2. The registered office of the petitioner is Plot 15 Kampala City Centre Uganda.
3. The main objectvies for which the petitioner was established is to deal in Cocoa
growing and export.
4. The petitioner has a nominal share capital of UGX 90,000,000 divided into 100
shares each of a nominal value of UGX 9,000,000.
5. The shareholders of the company are;
a) SENIOR MULIMI with 61%,
b) TAMBULA KENYA LIMITED with 25%,
c) COCOA MULIMI with 5%,
d) TAM BULA with 5% and
e) The 4% are unallocated.
6. The assets of the petitioner include;
a) Plant and Machinery valued at USD 1,800,000.
b) Prime properties at Lower Kololo
7. That the petitioner’s liabilities total to USD 9,000,000 as of 2022 which is elaborated
as hereunder;
a) USD 500,000 is owed to trade creditors (suppliers of the company),
b) USD 2,500,000 is owed to unsecured lenders, 3 financial institutions and 3
international lenders,
c) USD 1,000,000 is owed to East Africa Development Bank Limited, which
holds a mortgage over one of the company’s prime properties in Kololo.
d) USD 4,200,000 is owed by DFCU Bank Limited which holds fixed and
floating debenture over the petitioner’s assets.
e) A tax liability of UGX 3,000,000,000 accrued over the last three years
following a URA audit in March 2023.
f) NSSF arrears of UGX 345,000,000 since 2021,
g) 4-month Salary arrears of 46 employees amounting to UGX 300,000,000.
8. That the petitioner intends to make an arrangement with all It’s creditors.
9. That the petitioner has not made any previous applications for an interim order.
10. The petitioner has the capacity to pay all the creditors but only requires time to re-
organize his business without interruption by any creditors.
11. The petitioner has appointed an insolvency practitioner willing to supervise the
proposed arrangement.
12. That granting the applicant an interim protective order is appropriate for the purpose
of facilitating the consideration and implementation of the petitioner’s proposed
arrangement.
13. That this petition is made in good faith and for the interest of justice and for the good
of the business and creditors without compromising anyone.
WHEREFORE your humble petitioner prays that;

a) This honorable court makes an interim protective order in respect of the petitioner
to allow the implementation of the proposed compromised arrangement with the
company’s creditors.
b) Costs of the petition be in the cause.

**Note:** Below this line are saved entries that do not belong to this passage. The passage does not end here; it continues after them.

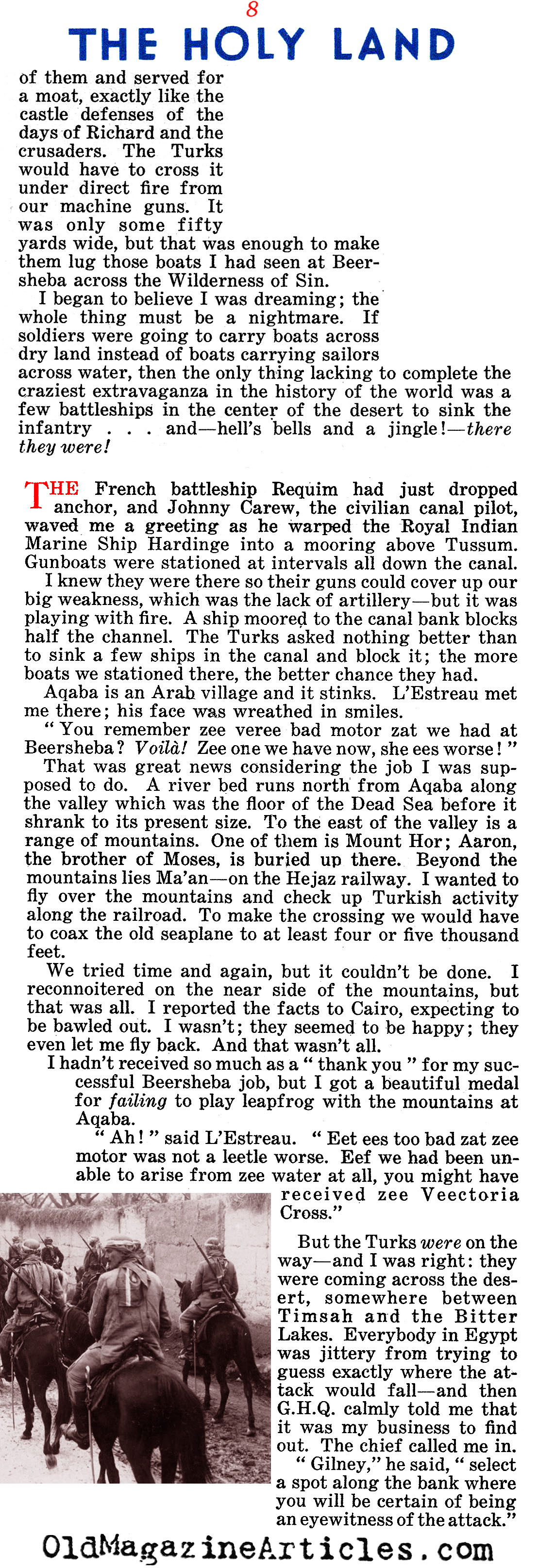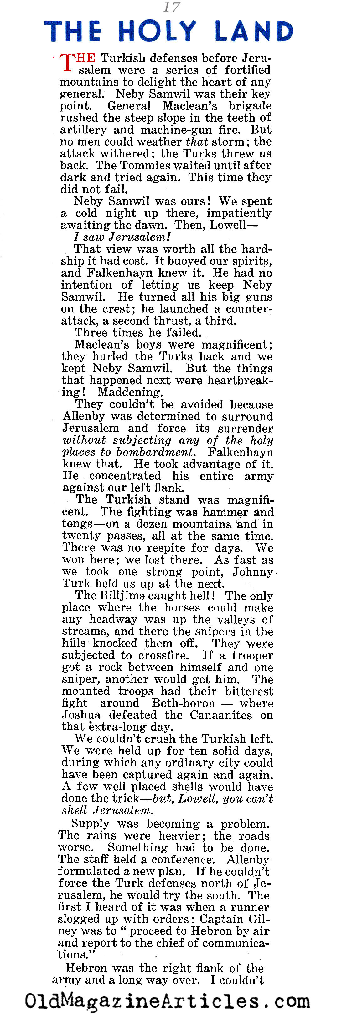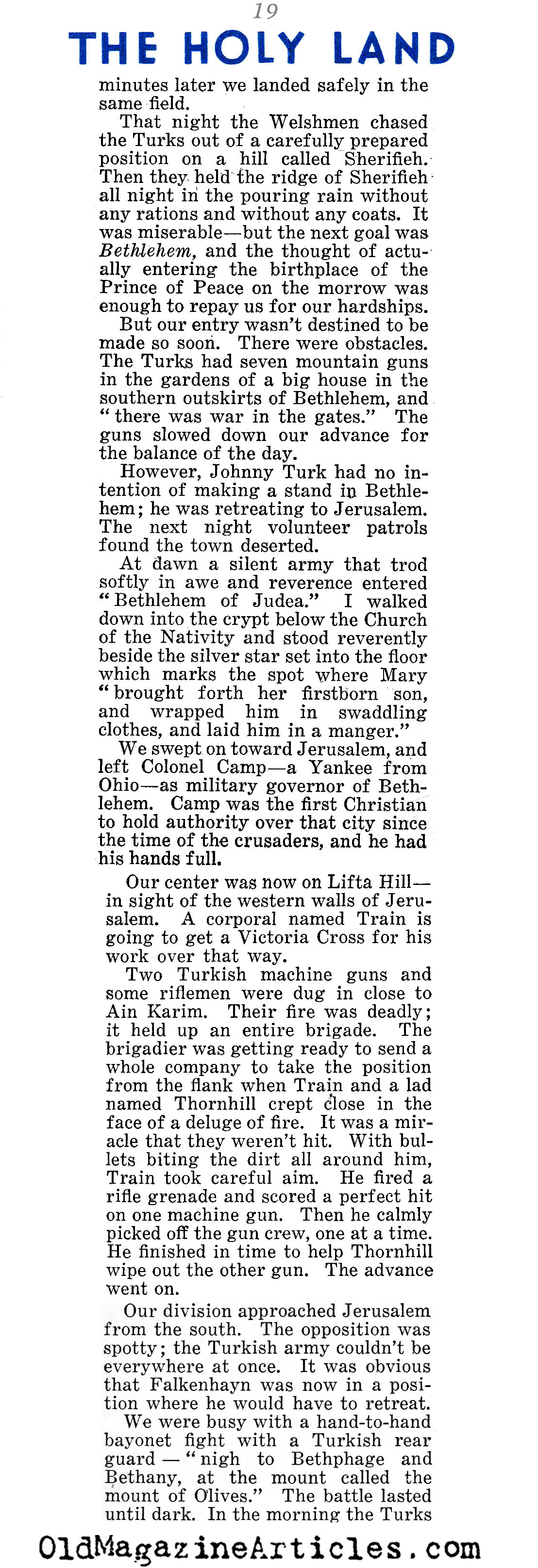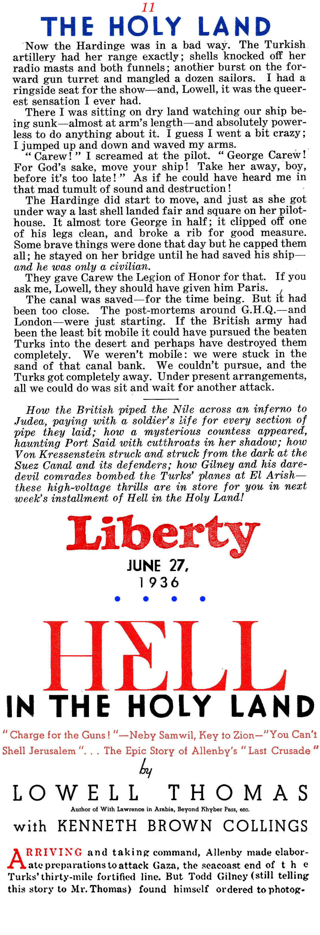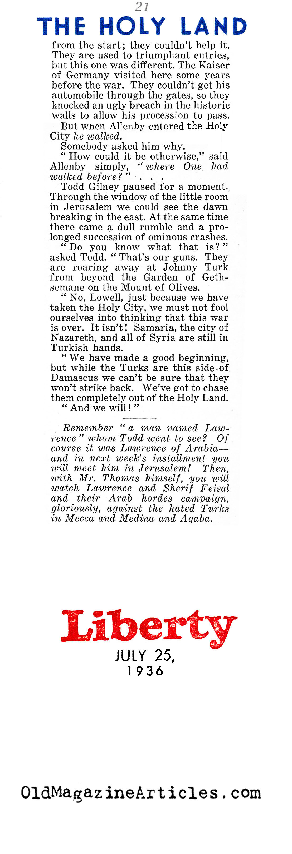 On the right is an article by American journalist Lowell Thomas (1892 – 1981) regarding all that he witnessed while reporting on General Edmund Allenby’s campaign against Johnny Turk in the Sinai and Palestine Theater during the First World War. This reminiscence was written many years after the war in an effort to make up for the fact that “after eighteen years, no clear-cut account of Allenby’s campaign has been set down”:
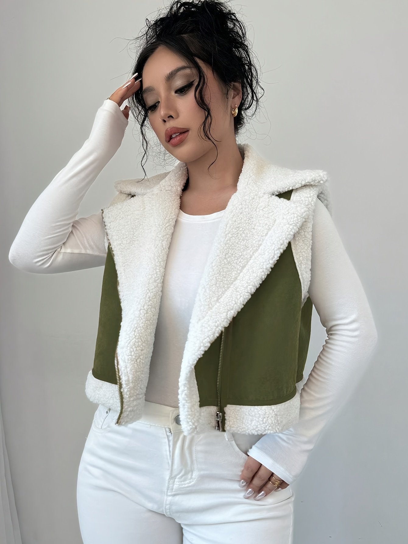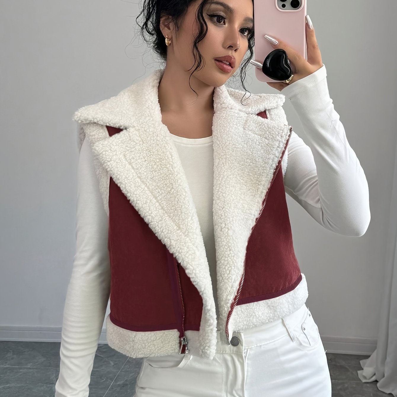 Women's Short Faux Lamb Sleeveless Vest Coat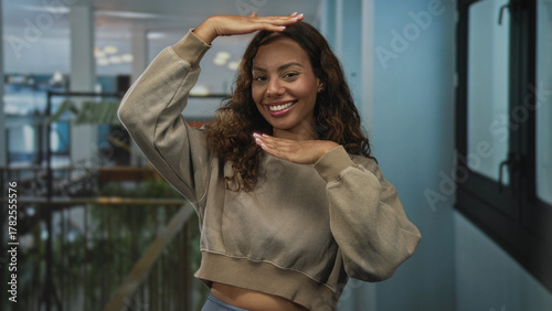 woman, hand, smiling, building, hotel, indoor, female, young, smile, gesture, joy, confidence, expression, empowerment, wellness, positivity, warmth, relaxed, approachable, natural, pose, framing, face, sweatshirt, crop, casual attire, adult, candid, comfortable, cosy, expressive, gesture, communication, nonverbal, emotional, youthful, beaming, modern, lighting, relaxation, movement, interaction, openness, sincerity, railing, plant, window, corridor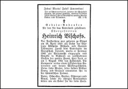 Gefallener 2. Weltkrieg; Eltern: Wilhelm Bischofs u. Gertrud geb. Tillmanns; zunächst im Grenzschutz; seit Febr. 1942 Wehrmacht |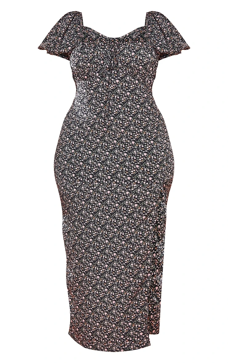 Channel all the chic vibes into your new season wardrobe with this dress. Featuring a black material with a ditsy floral design and a thigh high split. Just add strappy heels and a clutch bag for the perfect weekend-ready look.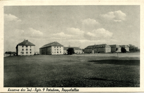 Text auf der Karte: Kaserne des Inf.-Rgts. 9 Potsdam, Pappelallee Entstehungszeit der Karte: ca. 1930 Straße und Hausnummer: Pappelallee Kartenart: Ansichtskarte Kartentechnik: SW-Foto Verlag: Verlag Richard Opitz, Photograph, Potsdam, Tel. 5106 Gelaufen/ungelaufen: ungelaufen Zustand (I=sehr gut bis V=mangelhaft): I Häufigkeit (h=häufig bis rrr=sehr selten): h Heutige(r) Straßenname(n): Pappelallee (Bornstedt) Kommentar: In der Kaserne befindet sich heute die Fachhochschule Potsdam. (Quelle: Knitter, Hartmut / Lamprecht, Rainer Rund um das Bornstedter Feld - Streiflichter zur Geschichte des Potsdamer Nordraumes, Potsdam 2006, Seite 160 ff.)

Dated at Lira this …5th..day of..July..2023.

………skiwanuka…………..

COUNSEL FOR THE PETITIONER

LODGED in the High court Registry at Kampala, this …5th.. day of ..July.. 2023.
______________________________________
DEPUTY REGISTRAR
Drawn and Filed By
Firm F7 & Co. Advocates
P. O. Box 1212 Lira.
THE REPUBLIC OF UGANDA
IN THE HIGH COURT OF UGANDA AT KAMPALA
(COMMERCIAL DIVISION)
COMPANY CAUSE NO..004.. OF 2023
IN THE MATTER OF THE INSOLVENCY ACT 2011, AS AMENDED
AND
IN THE MATTER OF COCOA UGANDA LIMITED (DEBTOR)
AND
IN THE MATTER OF A PETITION FOR INTERIM PROTECTIVE
ORDER FOR A COMPANY.

AFFIDAVIT IN SUPPORT OF THE PETITION.

I, SENIOR MULIMI of C/O M/S F 7 & Co. Advocates P. O. Box 1212, do hereby make oath
and swear that:
1. That I am a male adult Ugandan of sound mind, the Managing Director of COCOA
UGANDA LIMITED, the petitioner herein and I swear this affidavit in that capacity.
2. That the Petitioner is a company limited by shares, incorporated in Uganda on the 6 th of May
2004. (Attached hereto is a copy of the certificate of incorporation marked “A”)
3. That the registered office of the petitioner is Plot 15 Kampala City Centre Uganda. (A copy
of notification of the address of the company is hereto attached and marked “B”)
4. That the main objective of the company is Cocoa Growing and exportation from Uganda
Europe (A copy of the company memorandum of association is hereto attached and marked
“C”)
14. The Company has a nominal share capital of UGX 90,000,000 divided into 100
shares each of a nominal value of UGX 9,000,000.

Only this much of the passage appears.